Entries provided —

---*---

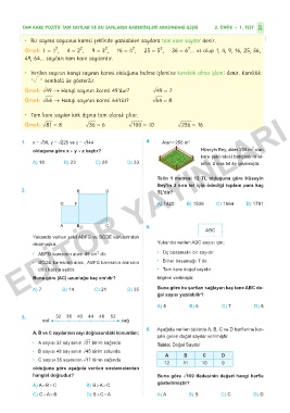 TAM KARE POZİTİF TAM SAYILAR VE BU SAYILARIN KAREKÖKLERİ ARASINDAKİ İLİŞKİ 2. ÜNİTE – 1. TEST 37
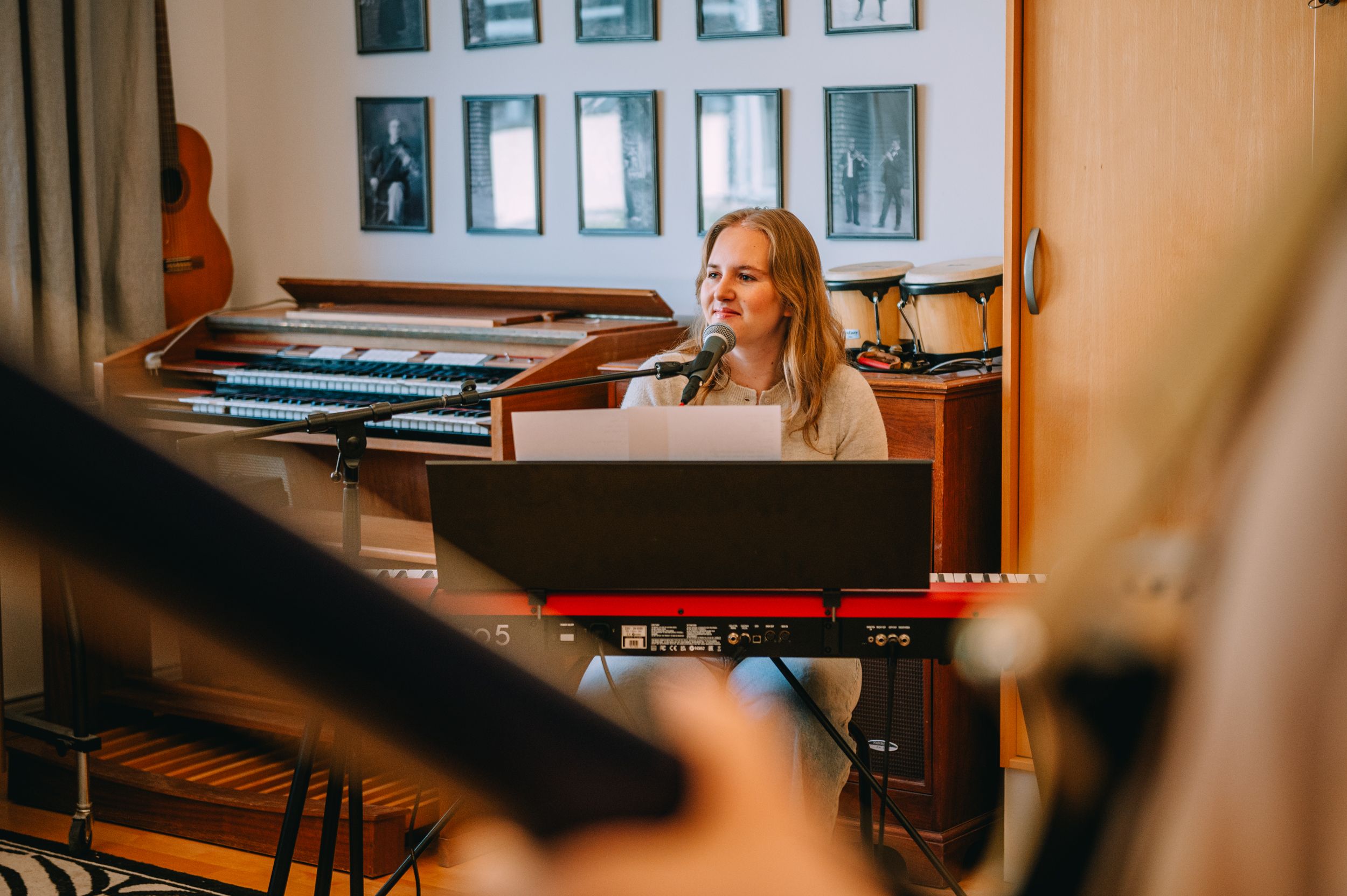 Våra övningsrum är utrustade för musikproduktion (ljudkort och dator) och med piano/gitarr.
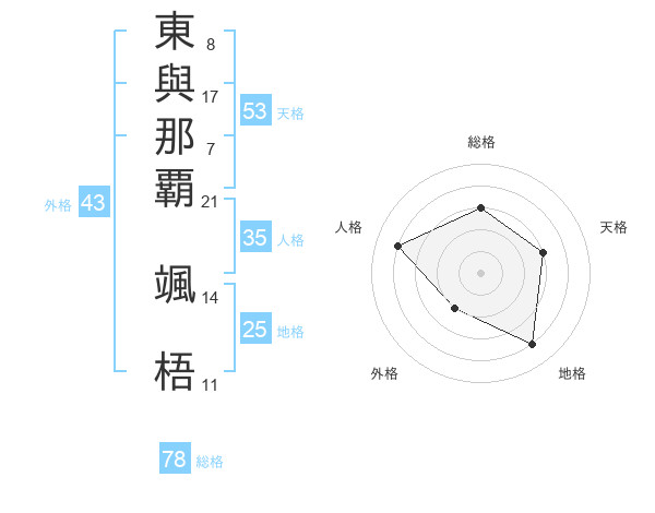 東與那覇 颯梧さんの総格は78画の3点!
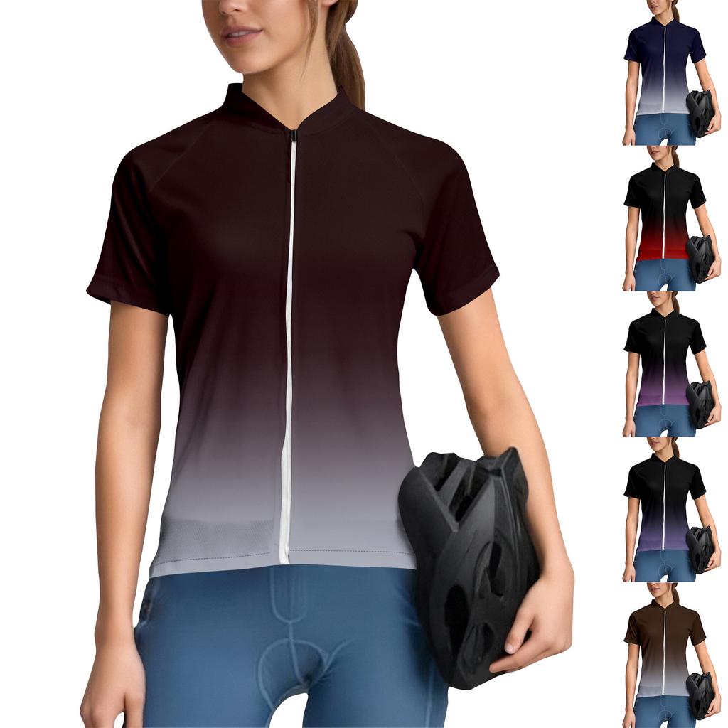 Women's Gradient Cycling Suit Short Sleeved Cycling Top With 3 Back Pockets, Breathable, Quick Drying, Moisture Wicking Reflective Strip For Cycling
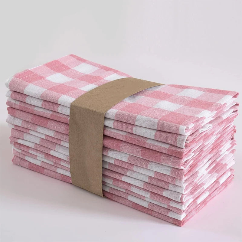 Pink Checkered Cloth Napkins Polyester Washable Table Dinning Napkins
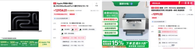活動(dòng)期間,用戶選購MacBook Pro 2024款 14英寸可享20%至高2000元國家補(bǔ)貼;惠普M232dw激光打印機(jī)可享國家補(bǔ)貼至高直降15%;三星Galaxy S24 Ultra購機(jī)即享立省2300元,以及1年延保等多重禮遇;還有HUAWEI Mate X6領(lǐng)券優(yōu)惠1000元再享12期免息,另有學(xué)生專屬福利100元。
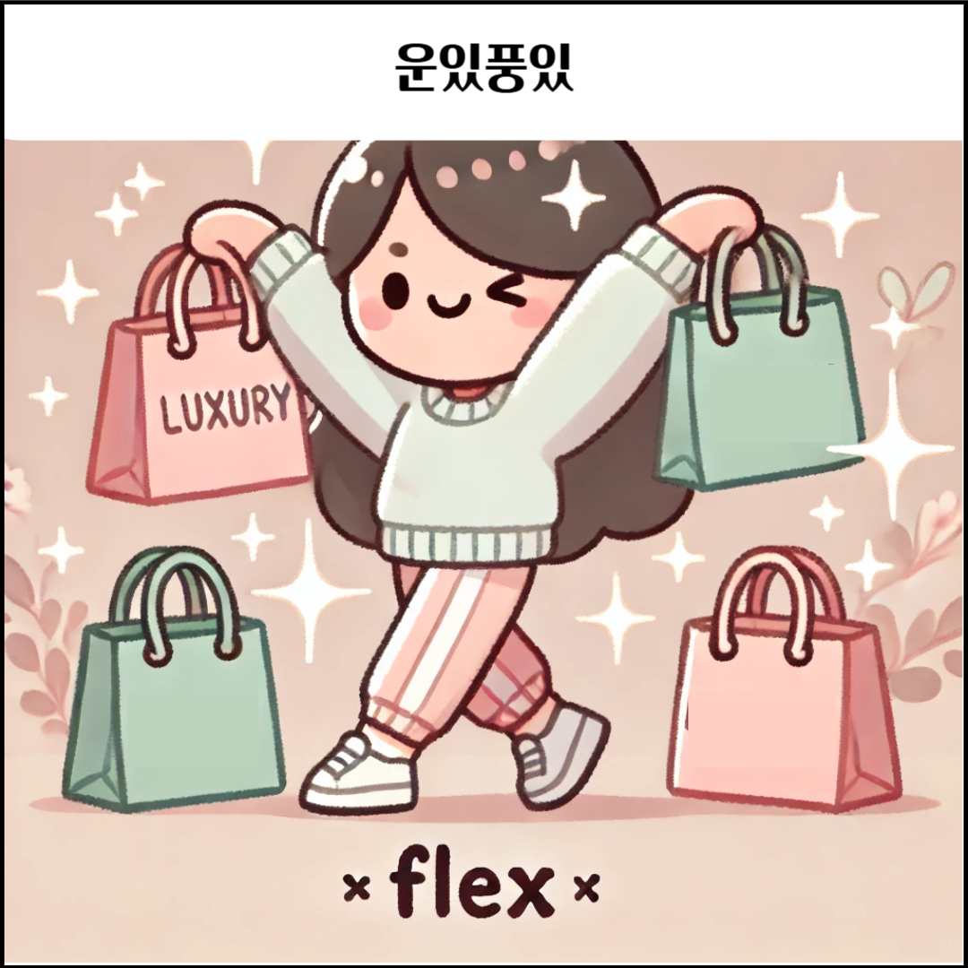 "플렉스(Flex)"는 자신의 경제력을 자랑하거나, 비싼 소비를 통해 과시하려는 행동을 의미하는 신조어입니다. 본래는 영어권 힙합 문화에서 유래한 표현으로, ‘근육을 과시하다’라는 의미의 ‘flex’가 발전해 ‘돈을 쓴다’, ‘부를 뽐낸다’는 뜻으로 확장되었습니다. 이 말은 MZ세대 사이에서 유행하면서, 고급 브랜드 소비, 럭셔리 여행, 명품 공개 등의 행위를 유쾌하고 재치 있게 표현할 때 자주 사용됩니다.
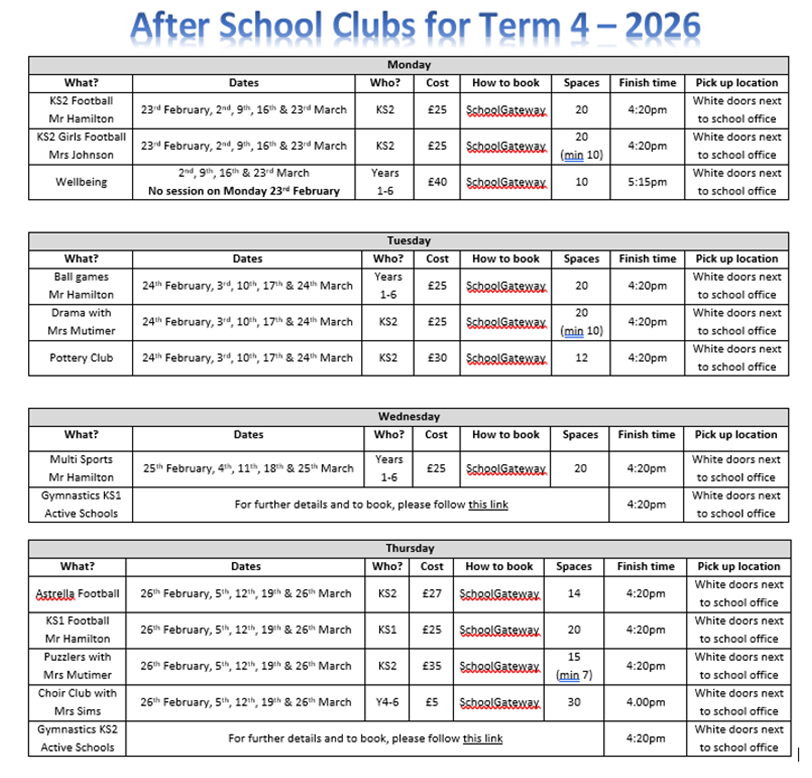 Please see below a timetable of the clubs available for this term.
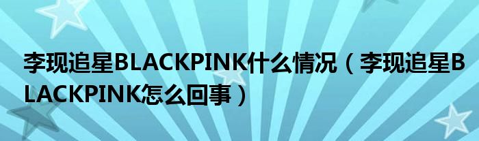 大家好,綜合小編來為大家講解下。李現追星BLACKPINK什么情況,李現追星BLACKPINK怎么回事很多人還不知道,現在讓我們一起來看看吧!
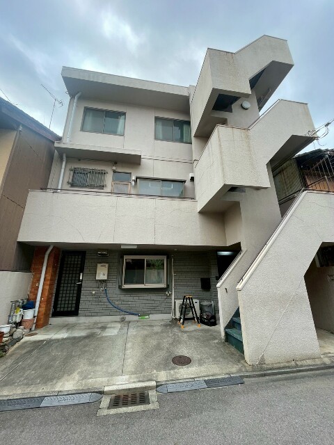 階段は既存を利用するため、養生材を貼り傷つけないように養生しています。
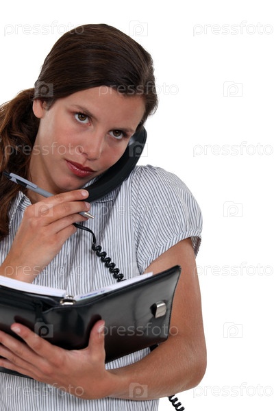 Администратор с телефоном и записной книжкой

---*---

Exercise objective —
Exact reproduction of the entries above is required, with pictures excluded.

Worked solution —
 TAM KARE POZİTİF TAM SAYILAR VE BU SAYILARIN KAREKÖKLERİ ARASINDAKİ İLİŞKİ 2. ÜNİTE – 1. TEST 37
 Våra övningsrum är utrustade för musikproduktion (ljudkort och dator) och med piano/gitarr.
 東與那覇 颯梧さんの総格は78画の3点!
 Women's Gradient Cycling Suit Short Sleeved Cycling Top With 3 Back Pockets, Breathable, Quick Drying, Moisture Wicking Reflective Strip For Cycling
 Pink Checkered Cloth Napkins Polyester Washable Table Dinning Napkins
活動(dòng)期間,用戶選購MacBook Pro 2024款 14英寸可享20%至高2000元國家補(bǔ)貼;惠普M232dw激光打印機(jī)可享國家補(bǔ)貼至高直降15%;三星Galaxy S24 Ultra購機(jī)即享立省2300元,以及1年延保等多重禮遇;還有HUAWEI Mate X6領(lǐng)券優(yōu)惠1000元再享12期免息,另有學(xué)生專屬福利100元。
 "플렉스(Flex)"는 자신의 경제력을 자랑하거나, 비싼 소비를 통해 과시하려는 행동을 의미하는 신조어입니다. 본래는 영어권 힙합 문화에서 유래한 표현으로, ‘근육을 과시하다’라는 의미의 ‘flex’가 발전해 ‘돈을 쓴다’, ‘부를 뽐낸다’는 뜻으로 확장되었습니다. 이 말은 MZ세대 사이에서 유행하면서, 고급 브랜드 소비, 럭셔리 여행, 명품 공개 등의 행위를 유쾌하고 재치 있게 표현할 때 자주 사용됩니다.
 Please see below a timetable of the clubs available for this term.
 大家好,綜合小編來為大家講解下。李現追星BLACKPINK什么情況,李現追星BLACKPINK怎么回事很多人還不知道,現在讓我們一起來看看吧!
 階段は既存を利用するため、養生材を貼り傷つけないように養生しています。
 Администратор с телефоном и записной книжкой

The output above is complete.